We got a bit ahead this week as I have a family event this week, so wanted to get the issues done so that I could relax and we managed to do that, helped by a dramatic slowdown in news on Thursday as our US news sources sat down to turkey and checking the Black Friday deals. We also had reports from Chris (in Mobile Display Monitor) and Matt (in LDM) from New York last week, and mine from the Fujitsu Forum in Munich last week.
Ken has interesting news on the development of quantum dots and just as we went to press, Samsung confirmed the widespread rumour, shown in our company news, that it was to buy QD Vision for $70 million. Korean sources have confirmed that a big factor in the decision is that Samsung gets control of the ip that QD Vision has. In the end, this is a small amount of money for Samsung and just one of a number of technology companies that it has acquired in recent years (the most recent deal being Harman, agreed just recently)

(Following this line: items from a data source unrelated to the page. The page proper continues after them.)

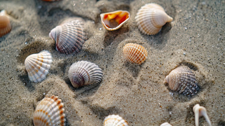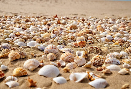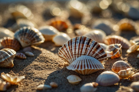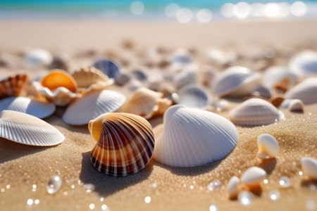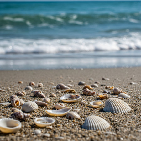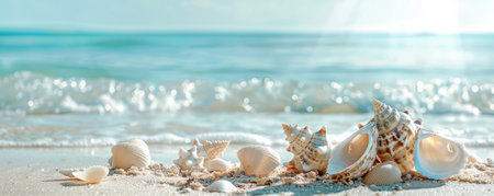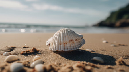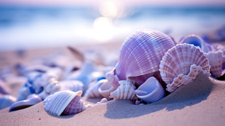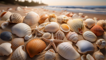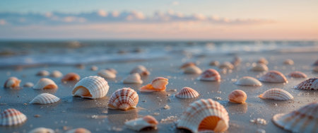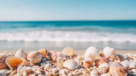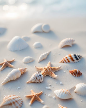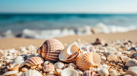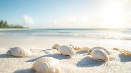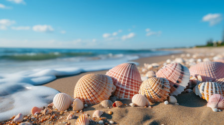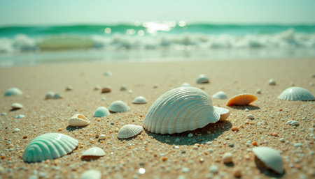 Seashells scattered on a serene beach with soft sand and gentle waves in the background, capturing the peaceful essence of a coastal environment. ideal for themes of relaxation, holidays, and natural beauty.
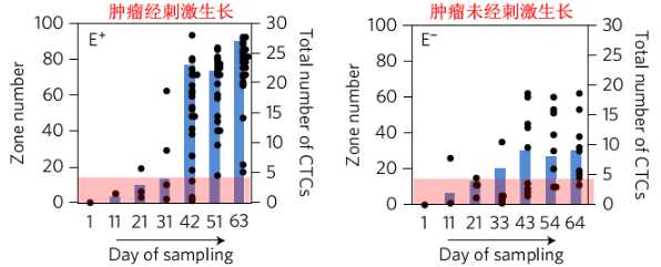 为了将MagRC技术应用到追踪CTCs动态显型中,研究人员采用两种荷瘤小鼠模型,即肿瘤经刺激生长与未经刺激生长。通过采血分析,研究人员发现两种模型小鼠血液内的CTCs数量随时间增加而增加,且经刺激的小鼠血液内CTCs比未经刺激的更多。此外,经刺激的小鼠血液内CTCs的显型会持续变化,而未经刺激的则趋于稳定。
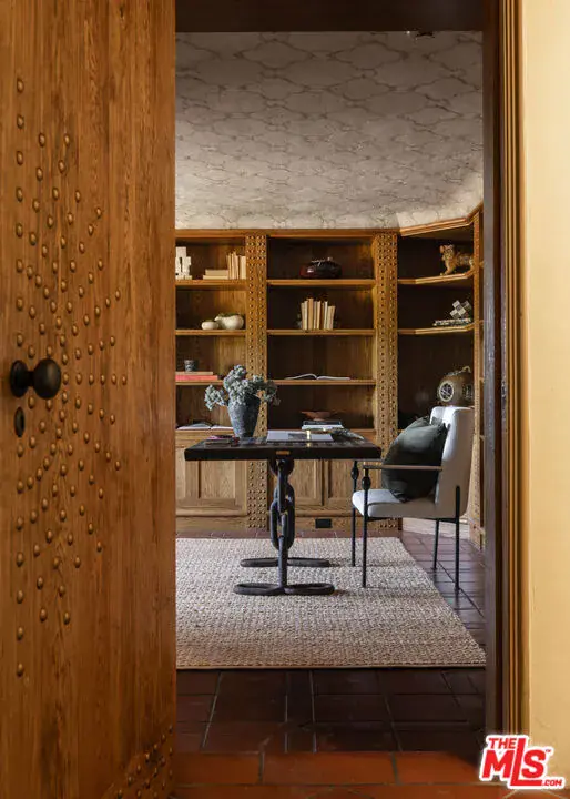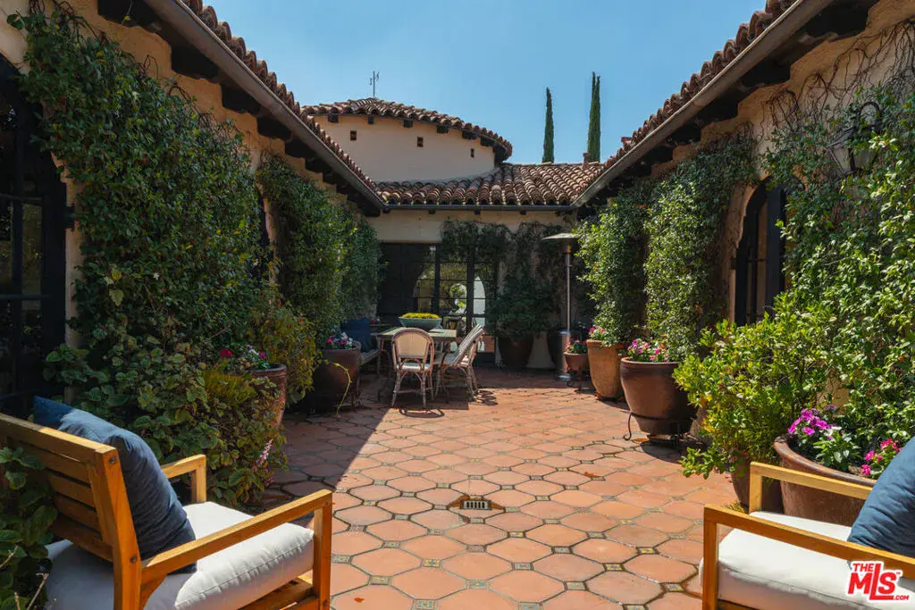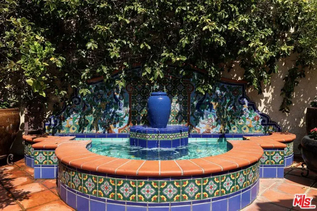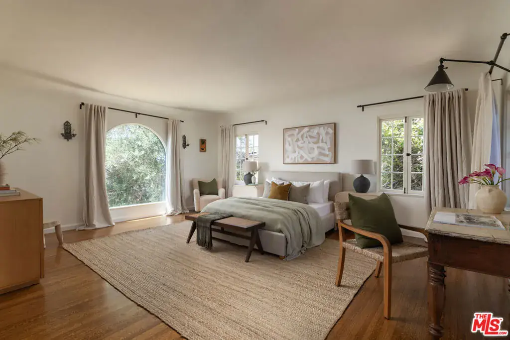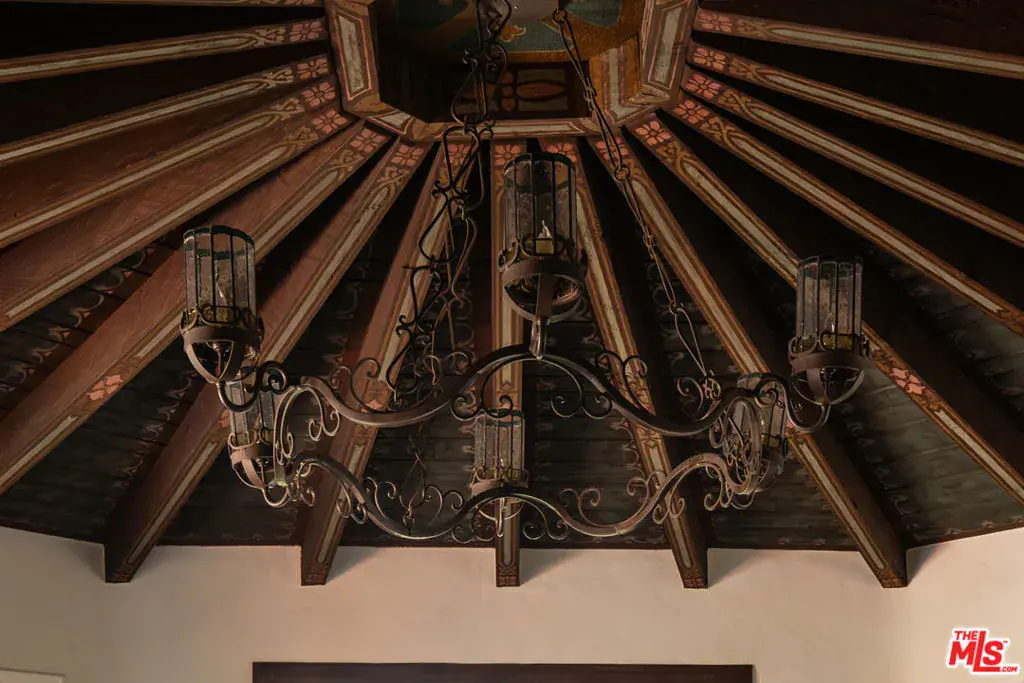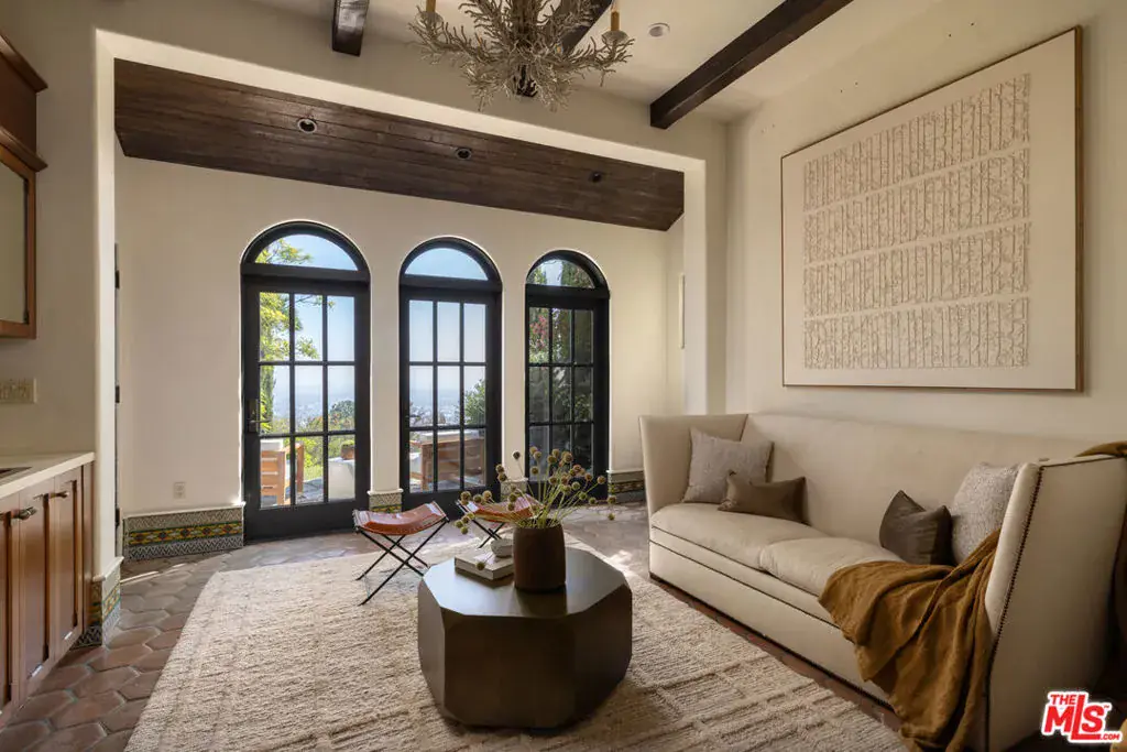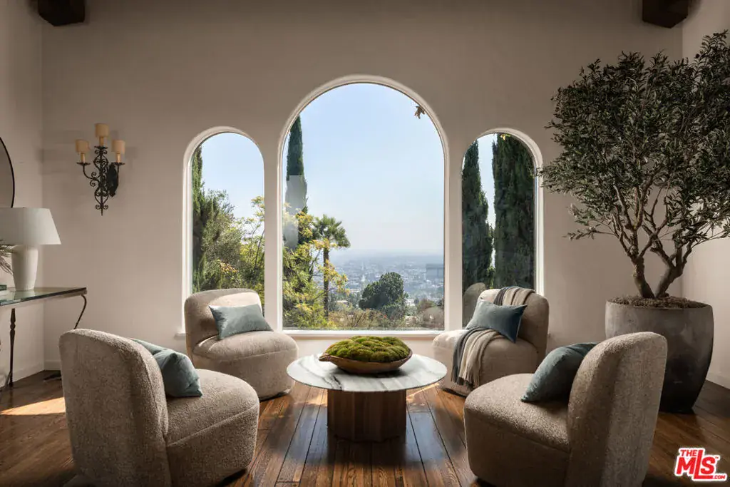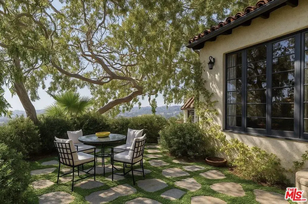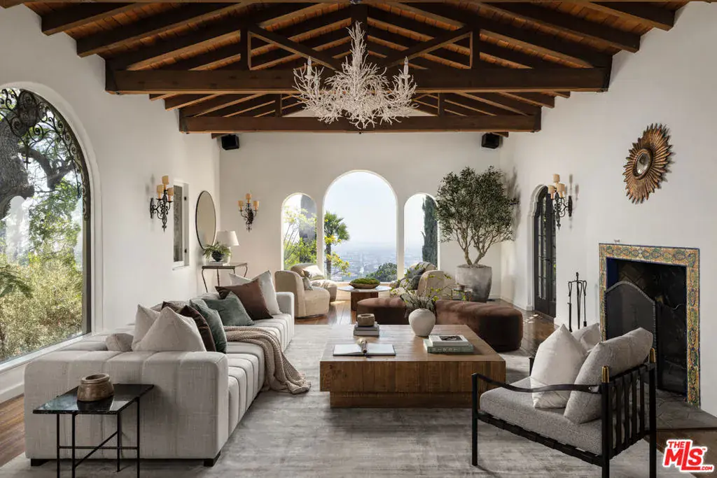 This restored Spanish villa sits on a large promontory offering sweeping views from the city to the ocean. It combines modern amenities with the timeless character of its original period design. A gracious wood beamed rotunda entrance, a soaring vaulted truss ceiling in the living room, large picture windows, French doors with original carved arches, rich wood flooring and Malibu tile accents throughout are just a few of the home’s striking design features. The floor plan features a center-island kitchen, wood-paneled office, family/media room, formal living room with a bar and fireplace, formal dining room, and two powder rooms. An interior circular stairwell leads to a spectacular guest suite with a private exterior entrance, an elegant bathroom, and a separate sitting room with a kitchenette. The exquisite grounds include an inner courtyard, multiple patios, an expansive lawn, and a striking swimming pool, all set within a secluded cul-de-sac in The Oaks community.

A separate story that I saw just as we were finalising the issue is a rumour about Samsung being in discussions about selling its PC business to Lenovo. In a number of ways, this wouldn’t be a surprise. Samsung has not succeeded in getting to global scale in its PC business and that has meant it doesn’t have the volume to compete with the top three brands. That, in turn, means its next to impossible for the company to build a profitable business and the company has been rolling back its targets in the PC space. Samsung tends to like to only be in businesses that it can be #1 or #2 in, so a sale would not be surprising. And, of course, the company recently agreed to sell its printer business to HP.

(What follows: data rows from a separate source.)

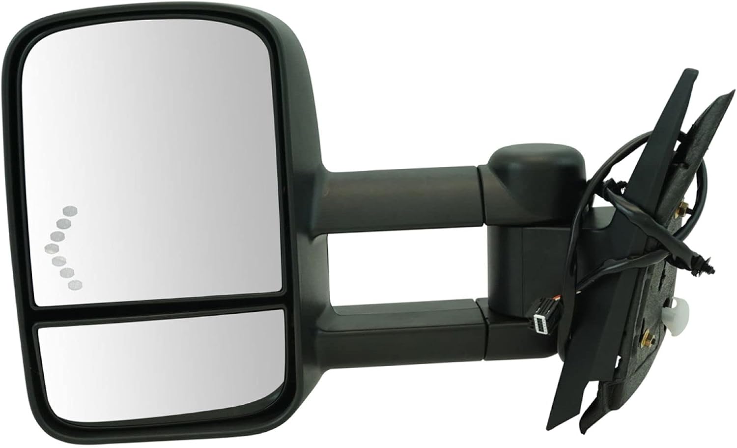 180 Degree Swing Towing MirrorFitment2007-14 Cadillac Escalade Driver Side2007-14 Cadillac Escalade ESV Driver Side2007-13 Chevrolet Silverado 1500 Driver Side Power, without Housing Turn Signal, with Mirror Turn Signal2007-14 Chevrolet Silverado 2500 HD Driver Side Power, without Housing Turn Signal, with Mirror Turn Signal2007-14 Chevrolet Silverado 3500 HD Driver Side Power, with Mirror Turn Signal2007-14 Chevrolet Suburban 1500 Driver Side2007-13 Chevrolet Suburban 2500 Driver Side2007-14 Chevrolet Tahoe Driver Side2007-14 GMC Sierra 1500 Driver Side Power, without Housing Turn Signal, with Mirror Turn Signal2007-14 GMC Sierra 2500 HD Driver Side Power, without Housing Turn Signal, with Mirror Turn Signal2007-14 GMC Sierra 3500 HD Driver Side Power, without Housing Turn Signal, with Mirror Turn Signal2007-14 GMC Yukon XL 1500 Driver SideProduct AttributesMounting Hole Quantity: 3Wiring Harness Length: 66.14 inConnector Terminal Quantity: 7Housing Color: BlackCover Color: BlackGlass Color: ClearAdjustment Type: ElectricGlass Surface: FlatExtendable Mechanism: ManualFold Away Mechanism: ManualAutomatic Dimming Included: NoAspherical Glass: NoReverse Gear Tilt-Down: NoBlind Spot Indicator: NoTemperature Sensor Included: NoConvex Shaped Glass: NoUtility Spotlight: NoIntegrated Puddle Light: NoSide View Camera Included: NoLane Departure Warning System: NoManual Remote Control: NoHousing Turn Signal Indicator: NoMemory Setting: NoMounting Hardware Included: NoMaterial: PlasticHousing Finish: TexturedCover Finish: TexturedHeated: YesBlind Spot Mirror Included: YesMirror Turn Signal Indicator: YesMirror Folding Type: 180 Degree SwingTowing Mirrors Features & Benefits: Features and BenefitsMirror Type: TowingReference Numbers1594016020862098258159782587908325879085GM1320354GM1322108
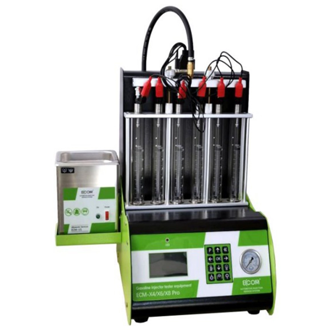The ECOM Injector Cleaning Machine is designed to test and clean fuel injectors for various types of engines including GDI, FSI, SIDI, MPI SPFI, TBI, CFI, K-JET, LPG, and motorbike injectors. It features advanced ultrasonic cleaning technology and a comprehensive testing system to ensure optimal injector performance.
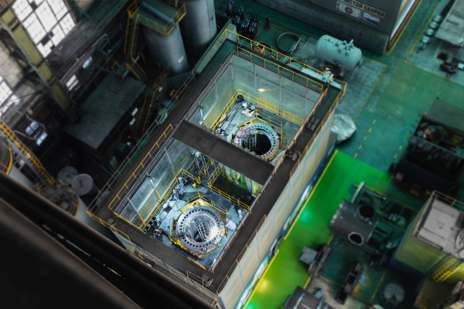 Гидравлические испытания – обязательный вид контроля, который проводится с целью проверки прочности и плотности оборудования, работающего под давлением. Гидроиспытания корпуса реактора ледокола проходили путем заполнения внутреннего объема конденсатом и постепенного подъема давления до 270 атмосфер. После снижения давления до 216 атмосфер специалисты обследовали корпус на отсутствие деформаций и течей. Результаты гидроиспытаний подтвердили прочность и надежность конструкции. В настоящее время идет подготовка к контрольной сборке корпуса первого ПГБ РУ «РИТМ-200» с внутрикорпусными устройствами и крышкой.
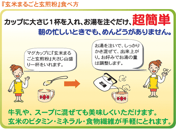 ○【お召し上がり方】:マグカップに『玄米まるごと玄煎粉』大さじ一杯を入れ、お湯を注いでかき回せば出来上がり。
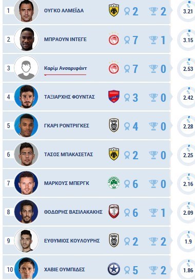 براون ایدیه، مهاجم نیجریهای و هم پستی کریم انصاریفرد در تیم المپیاکوس رتبه دوم ردهبندی را با کسب امتیاز 3.15 به خود اختصاص داده است. انصاریفرد نیز با امتیاز 2.53 رتبه سوم را در اختیار دارد. این مهاجم ایرانی 7 بار در طول 17 هفته فصل جاری سوپر لیگ یونان نامزد دریافت جوایز بهترین بازیکن و زننده زیباترین گل هفته شده بود.
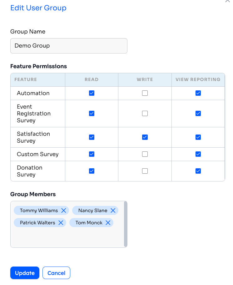 The User Groups feature in Levitate is for account Admins and Super Admins to control which users can access which features. Currently, the ability to view, edit, or see reporting for Automations and all survey types (Satisfaction, Event Registration, Custom, and Donation) can be limited or allowed through User Groups.
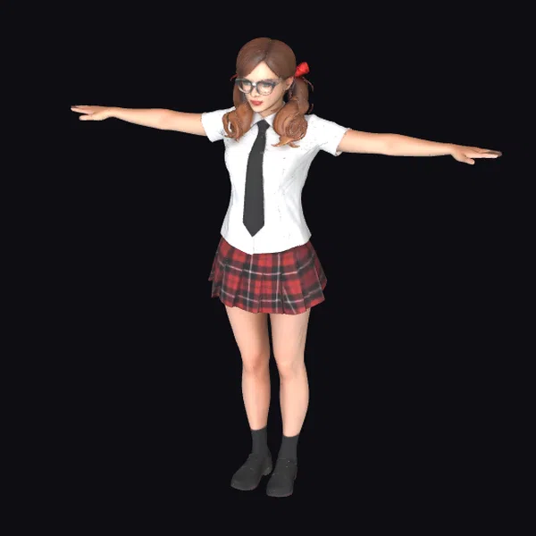 Detailed in every aspect, from the soft curls of her brown hair tied with a red ribbon to the sharpness of her glasses, this stylized model of a girl in a school uniform is meticulously crafted. Her arms outstretched, she wears a white short-sleeved shirt with a neatly tied black tie, a red and black plaid skirt, and black socks with shoes. The model is perfect for projects requiring a youthful, animated character, such as animations, games, or virtual reality experiences. Its stylized yet realistic features make it versatile for various applications, including educational and entertainment purposes.
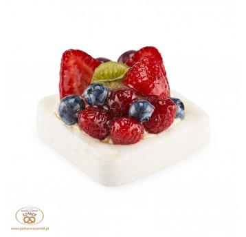 CIASTKO Z OWOCAMI NA BEZOWYM KORPUSIE

I’ve not really looked at why Samsung has not been successful in PCs, as it has a good vertical supply chain with strength in storage, memory and displays that might have been expected to give it an advantage. On the other hand, the company likes to be a technology leader and innovator and the constraints imposed by reliance on Microsoft for software and Intel for processors mean that it’s hard to be distinctive technically in the PC market.
Lenovo buying the business would also make some sense, as the company has a good track record of making the most of acquisition deals and brand management, although it seems to have slowed in its success recently. The company competes in some of the toughest businesses in the world – PCs, smartphones and servers. Despite this, it has developed and tried innovative products and high quality products.
As we reported on the front page of Large Display Monitor, Samsung has dropped back to third equal place in the desktop monitor market, alongside LG. Samsung was the top vendor of monitors in Europe from 2001 to Q2 of 2015, but has looked as though it has been more interested in profit than market share for a while, now. If we exclude multi-function monitors (monitors with TV tuners), Samsung has dropped back from being broadly the same kind of scale as Dell and HP a couple of years ago and significantly more five years ago, to levels that are not much more than half of those companies now. Much of the drop in the market volume in monitors in EMEA over the last 5 years has been in Samsung’s sales.
The question starts to be, at what point will Samsung decide, given that it is expected to get out of monitor panel making, to sell its monitor business? And to who?